Yet another reason to enable FxCop is it double checks some interop defines (Portability and Interop groups). After enabling FxCop on one of my home brewed interop libraries I was surprised that it complained I had some 64 bit portability problems with my HeapCreate and other Heap* API’s.

This API in particular caught me off guard because I did a 64 bit portability check of my interop library recently I specifically looked up that function. I verified that Heap* used DWORD’s for sizes which compile to 32 bit numbers on 64 bit.

After the FxCop warning I took yet another look and sure enough HeapCreate is defined to take in DWORD’s.

http://msdn.microsoft.com/library/default.asp?url=/library/en-us/wcekernl/html/_wcesdk_Win32_HeapCreate.asp

However in my experience FxCop is generally correct if a bit paranoid in places. After confirming it caught slip ups in a different interop API I decided to triple check my Heap* definitions. When in doubt go to the source (winbase.h in this case). Sure enough FxCop is correct and msdn is wrong.
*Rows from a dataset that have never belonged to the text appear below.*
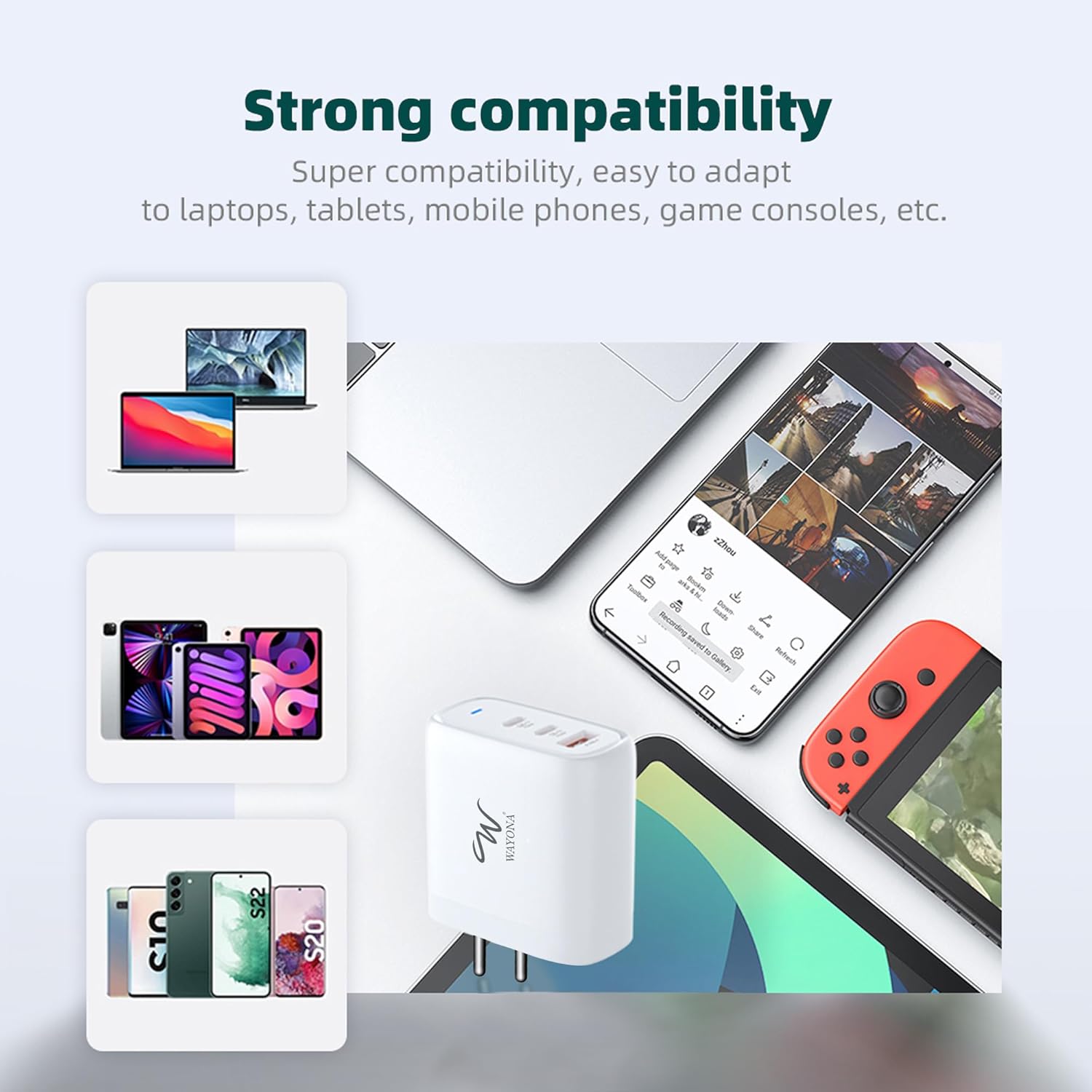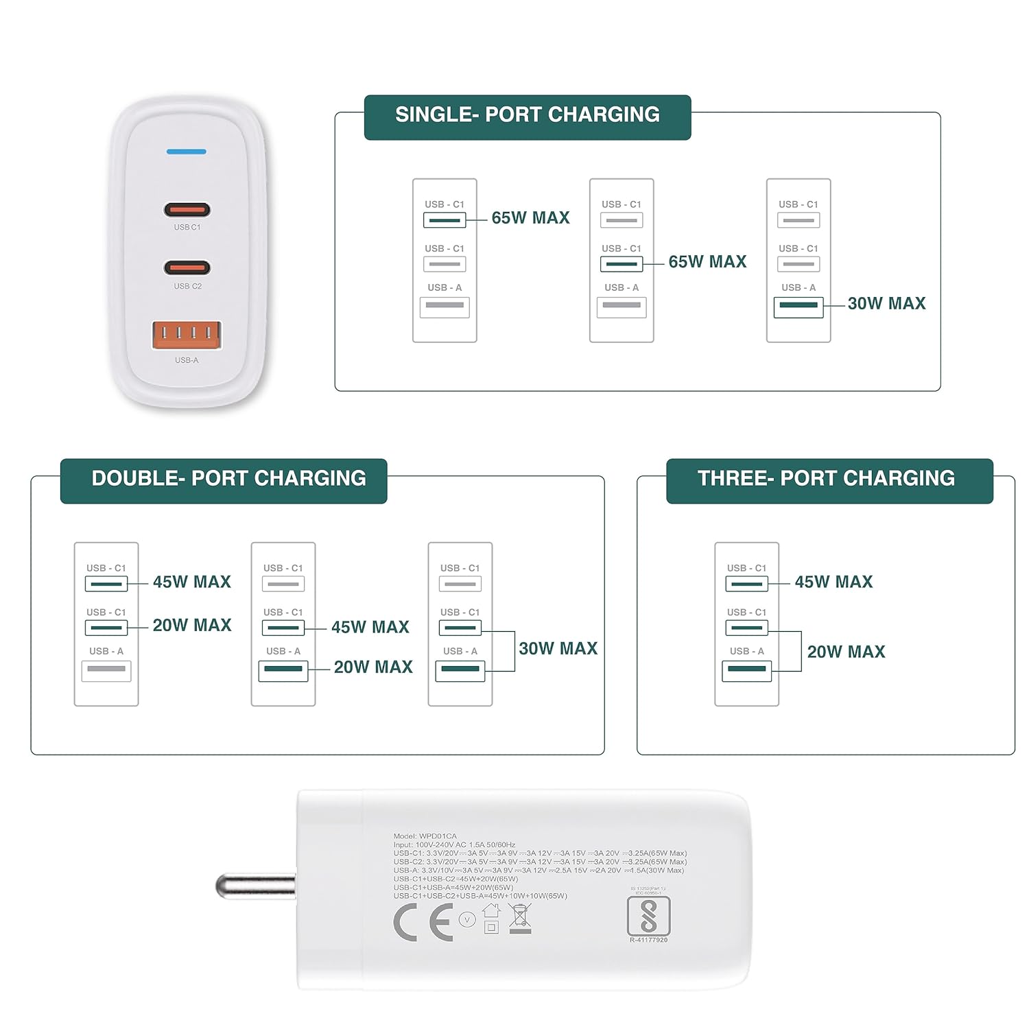 Since I need to travel a lot, carrying around the conventional HP charger was a hassle. My HP ENVY laptop supports type C charging hence i wanted to get a GaN charger which would charge my samsung phone and hp laptop alike. Brilliantly does the job, comes with a long and sturdy cable, small & compact size. However I’d be scared to drop it because it’s sort of heavy for it’s size and i wouldn’t be surprised if that cracked the plastic casing open. Apart from that, amazing product and also the one of the cheapest GaN charger out there. Heats a little while charging laptop at 65W but I’m least bothered about it. Once you plug in more than 1 device the wattage will get divided and charging speed will drop a little.⚠️IMPORTANT UPDATE⚠️: My Laptop’s motherboard got cooked after 3.5 months of using this, and the HP technician claimed it was because of this charger since it lacks an earthing pin, and the repair cost would be hefty (~80k INR) if my device was still not under warranty. It is important for laptop chargers to have a physical earthing pin, and thus the company chargers come with it. Don’t charge your type-c windows laptop with this. Get the authentic type C charger from your laptop’s manufacturer. Idk about MacBook though.
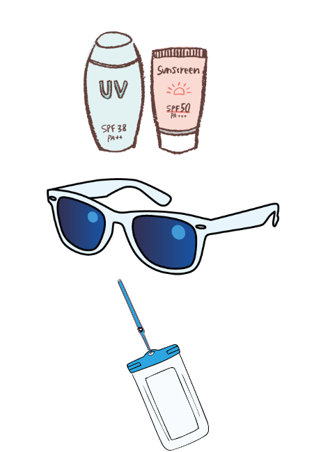 | 日焼け止め用乳液 | ポケットに入れて持っていき休憩時間に塗り直してください |
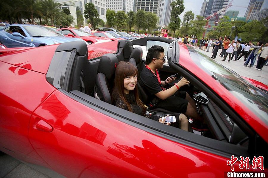 11月22日下午,一队由超过130辆不同年代的法拉利汽车组成的车队在广州闹市中举行巡游,这种“招摇过市”的活动,吸引了众多市民围观。图片来源:东方IC 版权作品 请勿转载
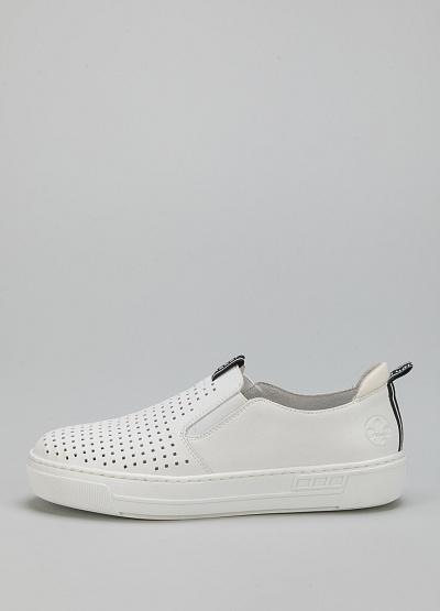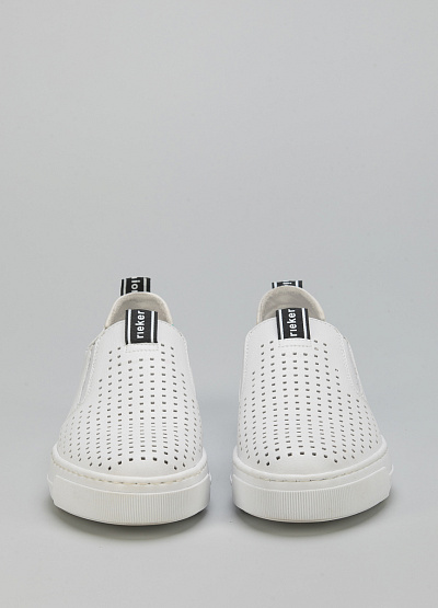 • Женские слипоны от бренда Rieker. Модель с эластичными вставками на подъеме. Закругленный носок. Сквозная перфорация. Петли для подтягивания сзади с логотипом. Ярлык на язычке. Плоская подошва.

Doing a more refined search I found that the correct documentation is available on windowssdk.

http://windowssdk.msdn.microsoft.com/library/default.asp?url=/library/en-us/memory/base/heapcreate.asp

I consider this further proof that FxCop is a great tool that should be used for any library development (home and most especially professionally).

In retro-spec if you take a very close look at the first link you’ll notice it’s actually the API for WinCE. I find it strange that it turns up higher in search results that the normal documentation.